### Required work
Copy out the whole listing exactly as written, leaving the pictures behind.

### Given data
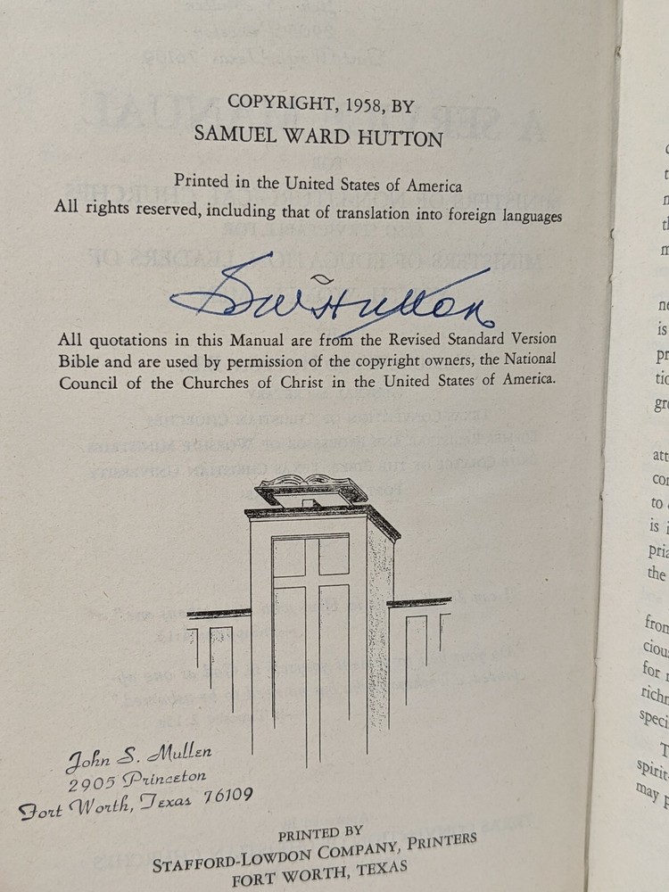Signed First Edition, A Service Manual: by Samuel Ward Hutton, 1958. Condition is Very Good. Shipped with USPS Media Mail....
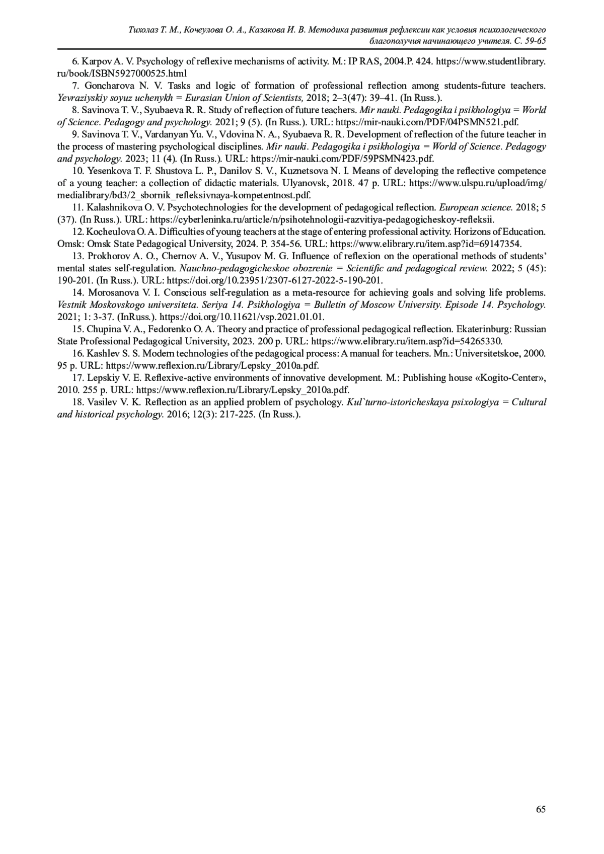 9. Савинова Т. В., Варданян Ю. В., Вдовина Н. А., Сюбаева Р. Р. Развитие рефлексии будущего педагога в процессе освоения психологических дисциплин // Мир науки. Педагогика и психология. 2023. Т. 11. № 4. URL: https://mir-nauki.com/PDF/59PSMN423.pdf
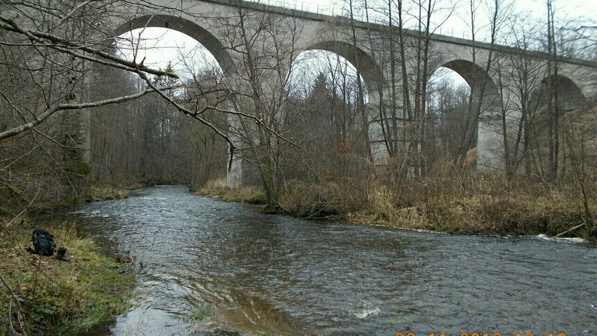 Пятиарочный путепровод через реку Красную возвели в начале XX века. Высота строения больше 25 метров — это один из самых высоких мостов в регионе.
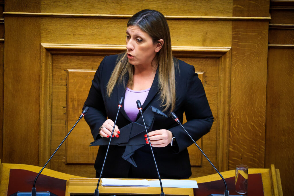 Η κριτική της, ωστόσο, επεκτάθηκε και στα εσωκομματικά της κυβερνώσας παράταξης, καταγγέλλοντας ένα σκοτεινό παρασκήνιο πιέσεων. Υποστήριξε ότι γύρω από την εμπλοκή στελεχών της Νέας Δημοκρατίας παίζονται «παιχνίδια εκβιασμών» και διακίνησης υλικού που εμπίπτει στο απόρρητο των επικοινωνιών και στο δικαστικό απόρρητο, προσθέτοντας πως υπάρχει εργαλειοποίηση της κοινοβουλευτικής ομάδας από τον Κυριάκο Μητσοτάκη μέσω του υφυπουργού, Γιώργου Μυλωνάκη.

### Written response
Signed First Edition, A Service Manual: by Samuel Ward Hutton, 1958. Condition is Very Good. Shipped with USPS Media Mail....
 9. Савинова Т. В., Варданян Ю. В., Вдовина Н. А., Сюбаева Р. Р. Развитие рефлексии будущего педагога в процессе освоения психологических дисциплин // Мир науки. Педагогика и психология. 2023. Т. 11. № 4. URL: https://mir-nauki.com/PDF/59PSMN423.pdf
 Пятиарочный путепровод через реку Красную возвели в начале XX века. Высота строения больше 25 метров — это один из самых высоких мостов в регионе.
 Η κριτική της, ωστόσο, επεκτάθηκε και στα εσωκομματικά της κυβερνώσας παράταξης, καταγγέλλοντας ένα σκοτεινό παρασκήνιο πιέσεων. Υποστήριξε ότι γύρω από την εμπλοκή στελεχών της Νέας Δημοκρατίας παίζονται «παιχνίδια εκβιασμών» και διακίνησης υλικού που εμπίπτει στο απόρρητο των επικοινωνιών και στο δικαστικό απόρρητο, προσθέτοντας πως υπάρχει εργαλειοποίηση της κοινοβουλευτικής ομάδας από τον Κυριάκο Μητσοτάκη μέσω του υφυπουργού, Γιώργου Μυλωνάκη.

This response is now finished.